If the server finds that the token is valid, a socket connect between the client and server is attempted. Upon success, a player object is created on the server, added to the list of current players. The server will use Box2D, or some type of physics engine to process movement, collision, etc, and report the observable portion of galaxy that the player can see as a message to the client ever few milliseconds (the goal is 30 frames per second). The Unity client will render the observable objects within view to the user. The client will periodically send input signals to the server (again, the goal is 30 fps). Those input signals are interpreted by the server to perform actions, such as steering the ship, shooting projectiles, interacting with the environment, etc. Whenever the client sends a message to the server, it also sends its token that the server uses to ensure that the client connection is coming from something that it originally considered legitimate.

WebSockets is primarily meant to send real-time data in the form of binary data instead of JSON to reduce overhead and serialization/deserialization between the client and server. Unity's .NET implementation appears to support binary serialization/deserialization that could be faster than JsonFX, but I have yet to benchmark it. Packing the database into binary datatypes will be a pain on the NodeJS side, but I plan on going back to a C server once I get things figured out.
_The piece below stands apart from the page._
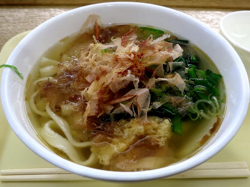 こちらは、事前にネットで調べた時わかったのですが、某ケンミンSHOWにも取り上げられたという品だそうで。で、つゆを一口啜れば、軽くトロミの付いた熱々のもの。そこにかき玉とたっぷりのトウモロコシが入っています。味付けは濃いめだと思うのですが、個人的にはこれくらいが丁度良いというか。またウドンは、当然のことながら釜揚げうどんとは食感が違うのですが、こちらはこちらで良い感じです。あと、トウモロコシをすくうため、穴あきレンゲが付いていたのも嬉しいですね。

The server also has access to the database to submit queries such as kills, resources mined, health picked up, score, currency, in-game shop transactions, inventory pick-ups, etc.

The player can also update their player info in-game, send money to users, and other actions that the REST API would handle. As far as database queries go, I'd probably use AWS SQS for a larger-scale design, and have some sort of in-memory database to help with queries happening between what's actually in the database, and what's yet to be in it.

I'd use AWS, and have a server for the REST API, one for the database, and one for each galaxy configuration per instance required. How does this sound as far as architecture?

I always applaud the idea of using well known, highly used authentication and authorization methods. The only other response I have at this time is the group will probably be more help if you begin implementing your system and ask specific questions. The architecture side of things will always be debatable and to be honest nothing you are suggesting is standout wrong per say. That being said I would imagine your troubles here won't be with your architecture so much as the network jitter and delay interpolation etc on a space shmup.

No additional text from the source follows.